Like it has most years I can remember, February has kind of flown by comparison. This shortest month comes with a furry mascot, a celebration of love, Girl Scout cookies, the start of baseball spring training, and slightly brighter days. Mine probably went especially fast, too, because it included a book launch and the corresponding flurry of activity. My calendar has actually been kind of a hot mess.

But as “not as awful as January” as February is, it does kind of get the shaft, even in leap years like this one. Had I been in Sacrobosco’s place writing a treatise on the convoluted history and problem of calendars (which I assure you no one would call a pretty scholarly work), I also would have included that story about Augustus Caesar lopping off February’s end, because it’s a pretty great one. Of course, it wouldn’t have been true if I’d written it, either.

It turns out there’s plenty of evidence that the calendar’s multitude of problematic and somewhat sporadically assigned month lengths predated both Augustus and Julius. The latter did do his level best to fix it, consulting with the astronomer Sosigenes from Egypt to come up with a 365-day year that corrected with a leap day every fourth year.

Gregory XII
Pope Gregory XII, a man whose calendar was not a hot mess. Justus van Gent / Public domain

Not bad. But it didn’t fix the problem indefinitely and it wasn’t until three hundred fifty years after Sacrobosco’s book that Pope Gregory XII made a really good change to the plan.
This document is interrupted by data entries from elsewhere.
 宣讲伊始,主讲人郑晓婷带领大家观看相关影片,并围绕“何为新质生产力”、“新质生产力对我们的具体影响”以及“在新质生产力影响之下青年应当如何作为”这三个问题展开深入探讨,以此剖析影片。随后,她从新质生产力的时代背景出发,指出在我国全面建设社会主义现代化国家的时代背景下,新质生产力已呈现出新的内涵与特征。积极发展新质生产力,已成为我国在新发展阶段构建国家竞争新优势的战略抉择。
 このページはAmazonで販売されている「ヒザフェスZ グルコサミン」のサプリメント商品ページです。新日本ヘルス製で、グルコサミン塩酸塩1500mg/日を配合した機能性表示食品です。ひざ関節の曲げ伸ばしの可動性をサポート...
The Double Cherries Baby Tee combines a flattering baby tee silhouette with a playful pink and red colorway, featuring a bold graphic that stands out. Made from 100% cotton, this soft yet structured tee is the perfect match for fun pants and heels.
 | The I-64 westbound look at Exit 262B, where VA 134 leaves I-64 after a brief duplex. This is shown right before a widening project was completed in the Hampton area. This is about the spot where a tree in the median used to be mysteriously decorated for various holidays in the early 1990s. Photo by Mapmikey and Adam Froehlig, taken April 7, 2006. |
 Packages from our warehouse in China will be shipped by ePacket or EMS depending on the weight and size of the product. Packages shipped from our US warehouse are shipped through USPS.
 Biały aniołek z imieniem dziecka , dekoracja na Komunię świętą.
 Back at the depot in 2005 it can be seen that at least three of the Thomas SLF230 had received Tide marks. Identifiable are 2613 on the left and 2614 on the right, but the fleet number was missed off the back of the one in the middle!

That’s when it was decided that the calendar everyone would use (except for those who didn’t feel like it) would include 365 days, with a leap year every fourth year, except for a century year, unless it could be evenly divided by four hundred.

Simple, no?

But it has more or less worked since then with a large chunk of the world buying in to its use, or at least more or less understanding it so that business can be conducted with relative ease all 365 days, 5 hours, 48 minutes, and 46 seconds of the year.

It’s still not perfect and will need more corrective action over the course of millennia. Evidently the rotation of the earth isn’t even entirely consistent, making our measurement of time a little less precise than we’d probably like to think. But there are astronomers who regularly work on that problem and keep us all on track by occasionally adding an extra one-Mississippi to the clock. I imagine most of us aren’t much bothered.
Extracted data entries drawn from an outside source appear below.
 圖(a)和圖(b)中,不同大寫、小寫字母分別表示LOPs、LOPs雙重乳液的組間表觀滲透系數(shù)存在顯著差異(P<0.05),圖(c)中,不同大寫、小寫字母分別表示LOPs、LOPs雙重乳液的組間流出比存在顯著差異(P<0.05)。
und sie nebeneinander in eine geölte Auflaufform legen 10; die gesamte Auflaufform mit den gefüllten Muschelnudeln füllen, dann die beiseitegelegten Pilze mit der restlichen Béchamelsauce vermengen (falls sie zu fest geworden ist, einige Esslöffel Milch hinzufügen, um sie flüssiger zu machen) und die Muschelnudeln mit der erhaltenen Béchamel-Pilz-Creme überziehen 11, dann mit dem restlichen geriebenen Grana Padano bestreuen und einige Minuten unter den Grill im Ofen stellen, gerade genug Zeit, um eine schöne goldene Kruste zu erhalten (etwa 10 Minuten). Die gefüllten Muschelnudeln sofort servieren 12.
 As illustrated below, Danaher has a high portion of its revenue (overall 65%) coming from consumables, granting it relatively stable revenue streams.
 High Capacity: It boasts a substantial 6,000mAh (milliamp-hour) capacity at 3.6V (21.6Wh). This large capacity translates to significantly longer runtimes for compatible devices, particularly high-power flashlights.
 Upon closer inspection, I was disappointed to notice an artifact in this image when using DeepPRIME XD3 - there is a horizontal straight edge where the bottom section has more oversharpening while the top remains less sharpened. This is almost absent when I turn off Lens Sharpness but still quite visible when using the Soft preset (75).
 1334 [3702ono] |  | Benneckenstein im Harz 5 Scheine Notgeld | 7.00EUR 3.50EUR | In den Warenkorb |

In fact, other than the approximately 4.2 million “leaplings” world wide who will be celebrating their birthday this Saturday or the hopelessly romantic ladies who will be exploiting a silly tradition and proposing to their fellas, a lot of us probably barely even notice February 29th when it rolls around.

Unless you’re like me and your calendar is a little bit of a hot mess. Personally, I plan to make good use of this February’s extra day.